Specify the primary metric
One of the most important settings you must specify is the primary_metric. The primary metric is the target performance metric for which the optimal model will be determined. Azure Machine Learning supports a set of named metrics for each type of task.
To retrieve the list of metrics available when you want to train a classification model, you can use the ClassificationPrimaryMetrics function as shown here:
from azure.ai.ml.automl import ClassificationPrimaryMetrics
list(ClassificationPrimaryMetrics)
Tip
You can find a full list of primary metrics and their definitions in evaluate automated machine learning experiment results.
Set the limits
Training machine learning models will cost compute. To minimize costs and time spent on training, you can set limits to an AutoML experiment or job by using set_limits()
.
There are several options to set limits to an AutoML experiment:
timeout_minutes
: Number of minutes after which the complete AutoML experiment is terminated.trial_timeout_minutes
: Maximum number of minutes one trial can take.max_trials
: Maximum number of trials, or models that will be trained.enable_early_termination
: Whether to end the experiment if the score isn't improving in the short term.
classification_job.set_limits(
timeout_minutes=60,
trial_timeout_minutes=20,
max_trials=5,
enable_early_termination=True,
)
To save time, you can also run multiple trials in parallel. When you use a compute cluster, you can have as many parallel trials as you have nodes. The maximum number of parallel trials is therefore related to the maximum number of nodes your compute cluster has. If you want to set the maximum number of parallel trials to be less than the maximum number of nodes, you can use max_concurrent_trials
.
Set the training properties
AutoML will try various combinations of featurization and algorithms to train a machine learning model. If you already know that certain algorithms aren't well-suited for your data, you can exclude (or include) a subset of the available algorithms.

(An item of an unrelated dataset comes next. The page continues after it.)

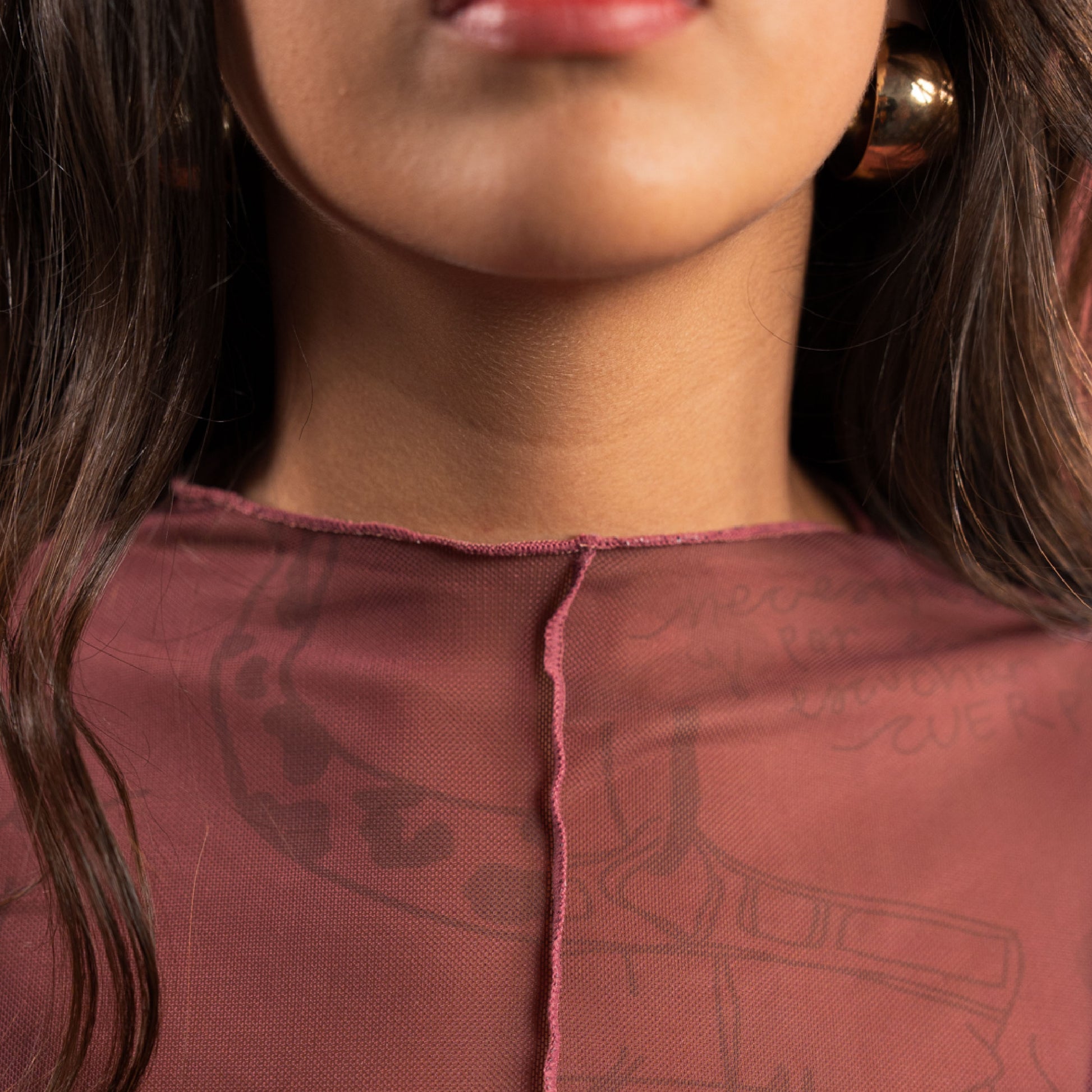 Malla tipo crop top con sesgo frontal y corte recto. Con diseños de la carta impresa en café.

You can also choose whether you want to allow AutoML to use ensemble models.
Submit an AutoML experiment
You can submit an AutoML job with the following code:
# submit the AutoML job
returned_job = ml_client.jobs.create_or_update(
classification_job
)
You can monitor AutoML job runs in the Azure Machine Learning studio. To get a direct link to the AutoML job by running the following code:
aml_url = returned_job.studio_url
print("Monitor your job at", aml_url)